The problem:
Using the data below, restate exactly every line from the one with "从北京链家研究院提供的,含总" up to and including the one with "This shows an". No picture belongs in it.

Records for the exercise:
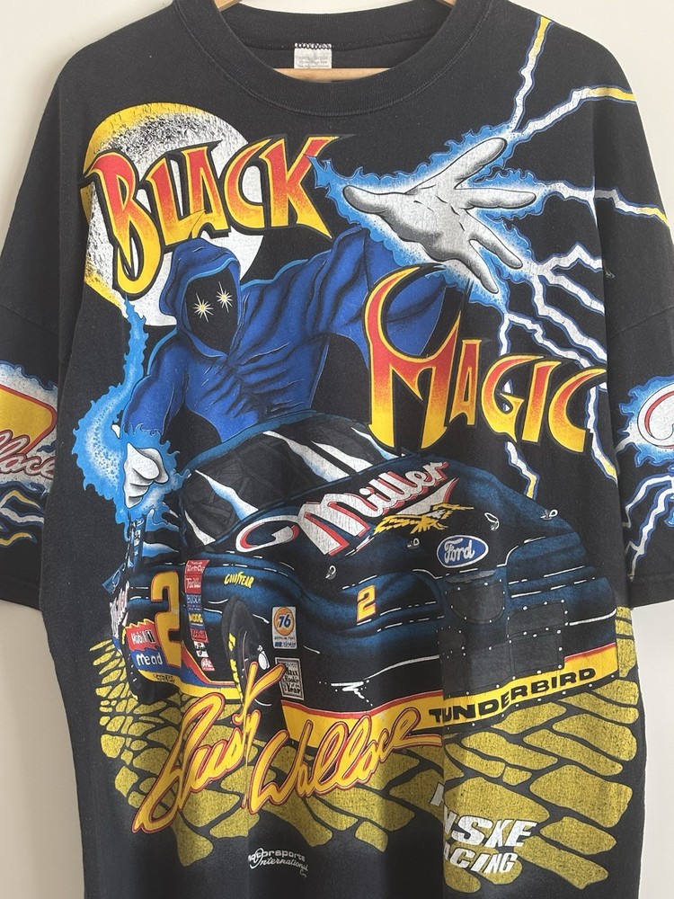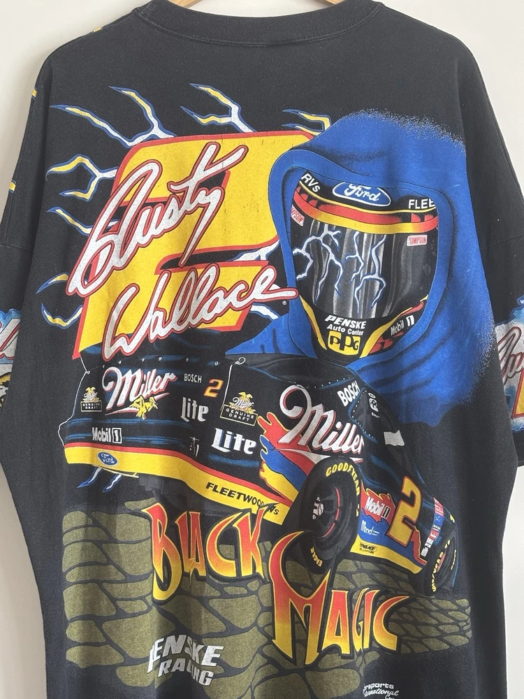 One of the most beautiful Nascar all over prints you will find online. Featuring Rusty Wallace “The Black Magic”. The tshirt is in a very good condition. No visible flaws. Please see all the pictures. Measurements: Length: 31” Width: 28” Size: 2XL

--

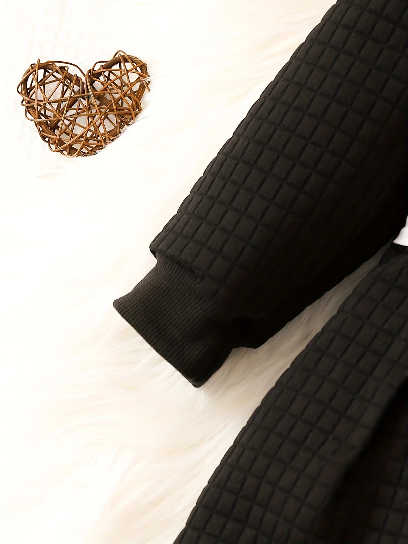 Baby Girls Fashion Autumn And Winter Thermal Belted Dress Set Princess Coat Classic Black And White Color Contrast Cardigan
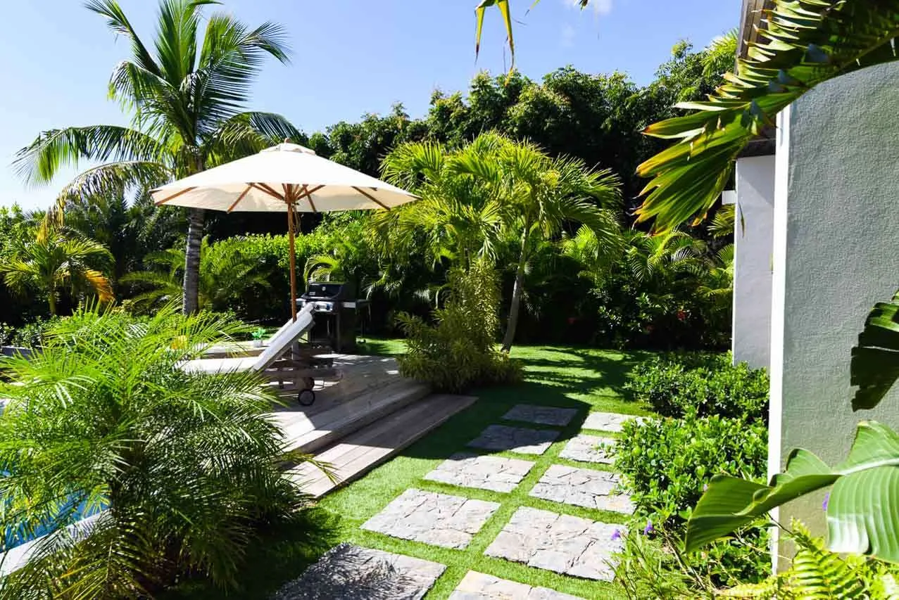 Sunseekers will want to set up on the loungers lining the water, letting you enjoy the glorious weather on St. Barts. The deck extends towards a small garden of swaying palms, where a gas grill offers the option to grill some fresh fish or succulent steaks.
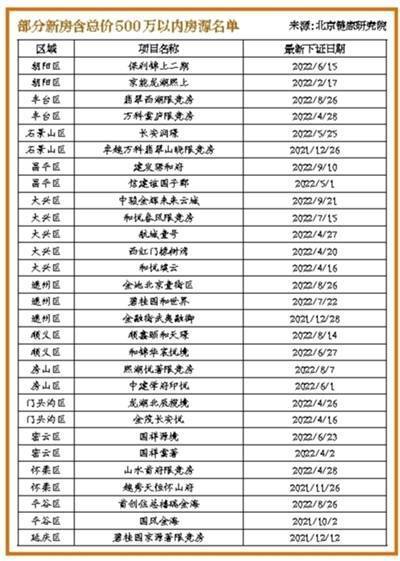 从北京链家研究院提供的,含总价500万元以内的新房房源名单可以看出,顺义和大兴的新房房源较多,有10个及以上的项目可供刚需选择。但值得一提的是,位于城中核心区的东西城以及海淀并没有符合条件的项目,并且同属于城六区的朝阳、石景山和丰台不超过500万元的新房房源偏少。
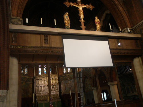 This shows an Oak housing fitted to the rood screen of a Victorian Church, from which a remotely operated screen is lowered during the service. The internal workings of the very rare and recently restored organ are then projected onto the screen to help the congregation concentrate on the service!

...

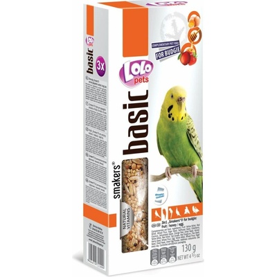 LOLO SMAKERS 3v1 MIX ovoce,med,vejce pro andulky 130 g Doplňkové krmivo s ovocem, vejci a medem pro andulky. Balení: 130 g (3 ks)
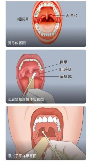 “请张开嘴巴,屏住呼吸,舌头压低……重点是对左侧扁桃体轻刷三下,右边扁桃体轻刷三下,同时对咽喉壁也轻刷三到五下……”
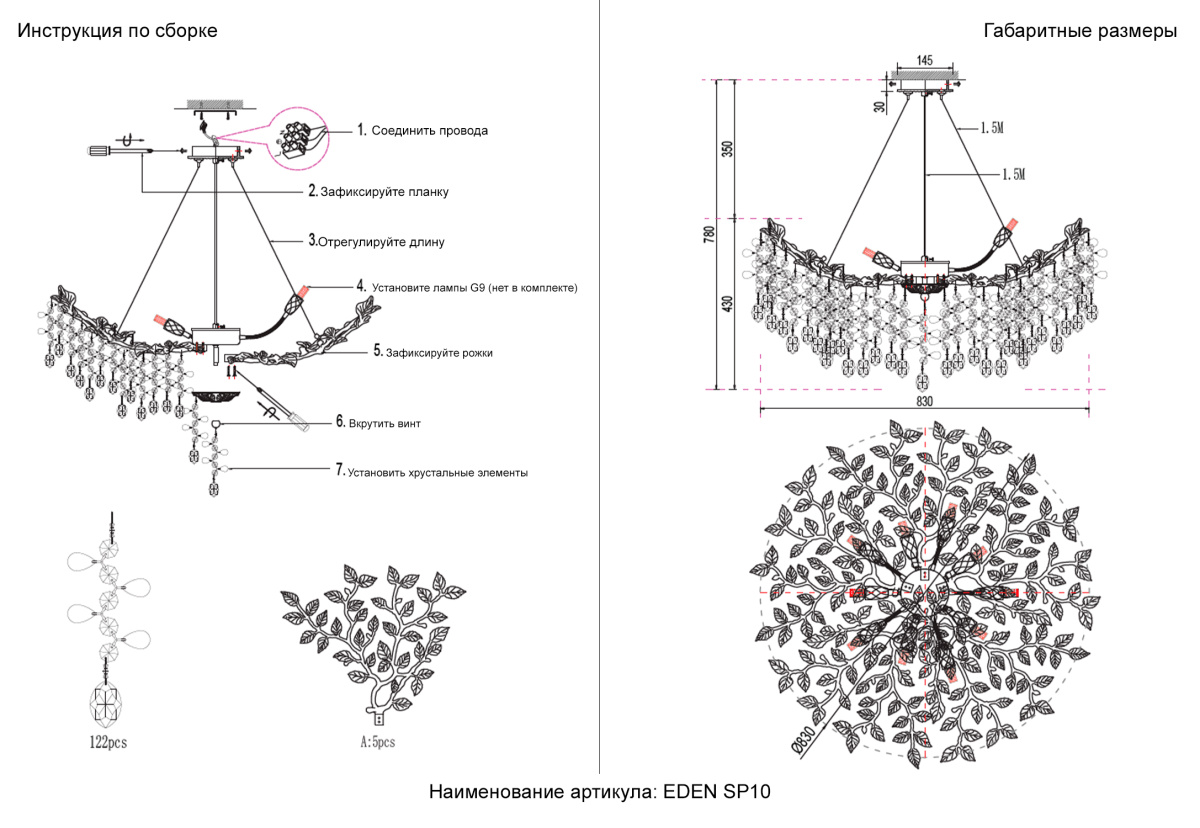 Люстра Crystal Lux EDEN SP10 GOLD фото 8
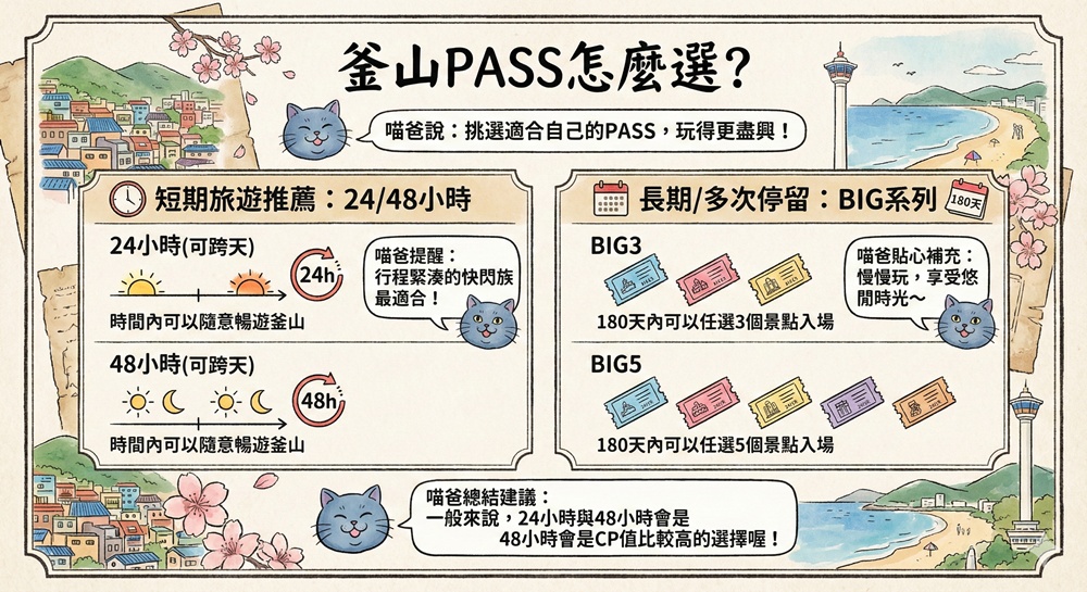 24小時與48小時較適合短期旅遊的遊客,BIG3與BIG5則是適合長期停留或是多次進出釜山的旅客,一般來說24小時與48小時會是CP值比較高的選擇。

Result:
 从北京链家研究院提供的,含总价500万元以内的新房房源名单可以看出,顺义和大兴的新房房源较多,有10个及以上的项目可供刚需选择。但值得一提的是,位于城中核心区的东西城以及海淀并没有符合条件的项目,并且同属于城六区的朝阳、石景山和丰台不超过500万元的新房房源偏少。
 This shows an Oak housing fitted to the rood screen of a Victorian Church, from which a remotely operated screen is lowered during the service. The internal workings of the very rare and recently restored organ are then projected onto the screen to help the congregation concentrate on the service!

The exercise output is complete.